Single by Steve Lawrence
- B-side: "You Don't Know"
- Released: February 1960 (US); April 1960 (UK)
- Genre: Pop
- Length: 2:07
- Label: ABC-Paramount (US); His Master's Voice (UK)
- Songwriters: Barry Mann, Hank Hunter
- Producer: Don Costa

Steve Lawrence singles chronology
| "Pretty Blue Eyes" (1959) | "Footsteps" (1960) | "Girls, Girls, Girls" (1960) |

= Footsteps (Steve Lawrence song) =

"Footsteps" is a hit single by the American singer and actor Steve Lawrence, recorded in January 1960 and released in spring 1960 by ABC-Paramount Records in the US and His Master's Voice in the UK. The song was written by Barry Mann and Hank Hunter.

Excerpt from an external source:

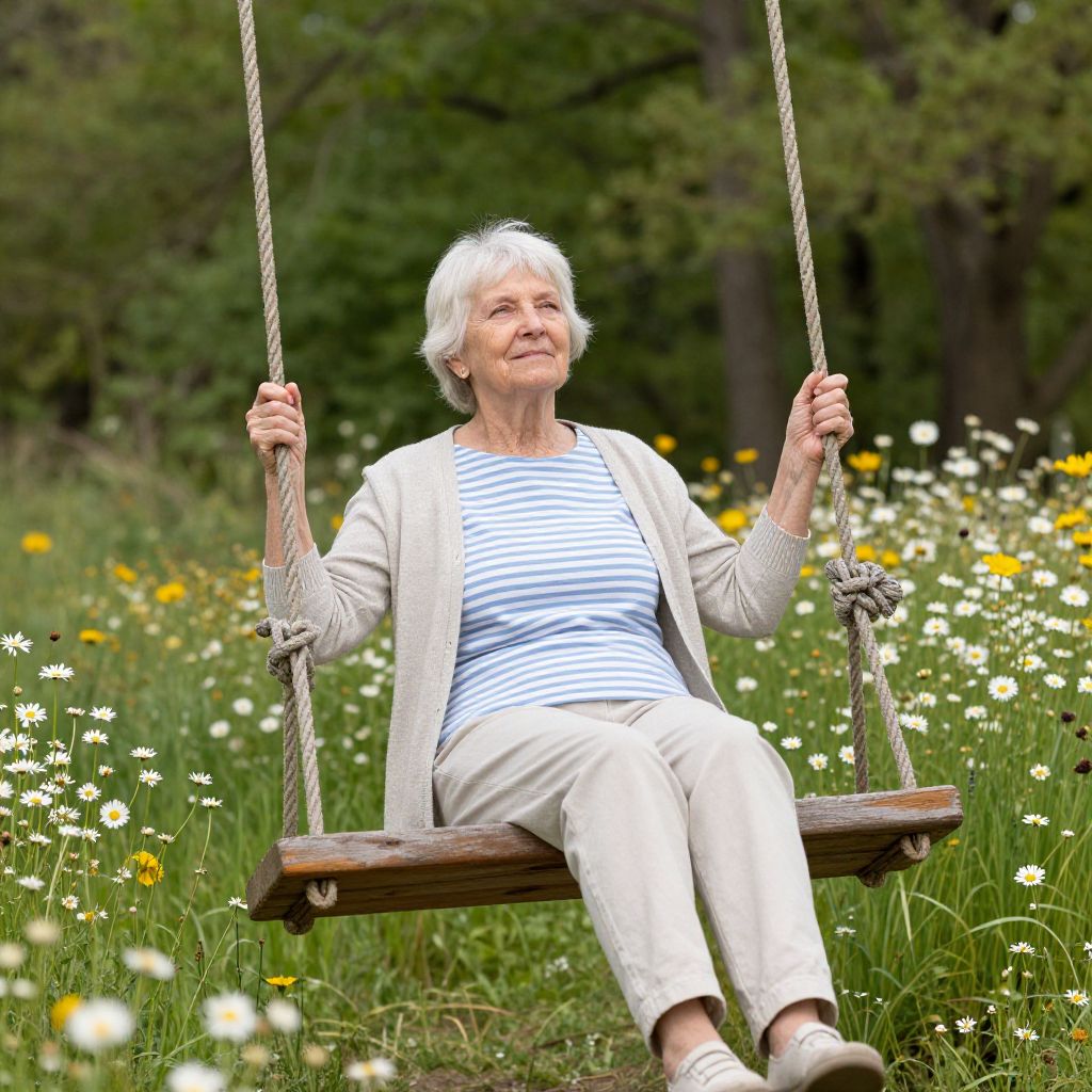 A serene elderly woman sits gracefully on a rustic wooden swing, her hands gripping weathered ropes as she enjoys a peaceful moment amidst a vibrant meadow filled with daisies and wildflowers, her joyful expression radiating contentment against a backdrop of lush green trees.

The single has Lawrence's wife, Eydie Gormé, as a backing vocalist and Don Costa's Orchestra and chorus.

==Charts==
In the US, it spent 13 weeks on the Billboard Hot 100, peaking at No. 7 on April 4, 1960, while reaching No. 4 in the Record Retailer chart in the UK, No. 3 in the CHUM Hit Parade in Canada, and No. 9 on VG-lista in Norway.

| Chart (1960) | Peak position |
|---|---|
| Canada CHUM Hit Parade | 3 |
| Netherlands | 16 |
| Norway VG-lista | 9 |
| UK Record Retailer | 4 |
| US Billboard Hot 100 | 7 |
| US Cash Box Top 100 | 9 |
| US Cash Box Records Disc Jockeys Played Most | 4 |
| US Cash Box Top Ten Juke Box Tunes | 9 |
| Wallonia | 29 |

==Cover versions==
- Barry Mann sang this song on his 1961 Who Put The Bomp album.
- It was also a hit for Ronnie Carroll in 1960, peaking at No. 36 in the UK.
- Showaddywaddy released their version of the song in 1981, peaking at No. 31 in the UK.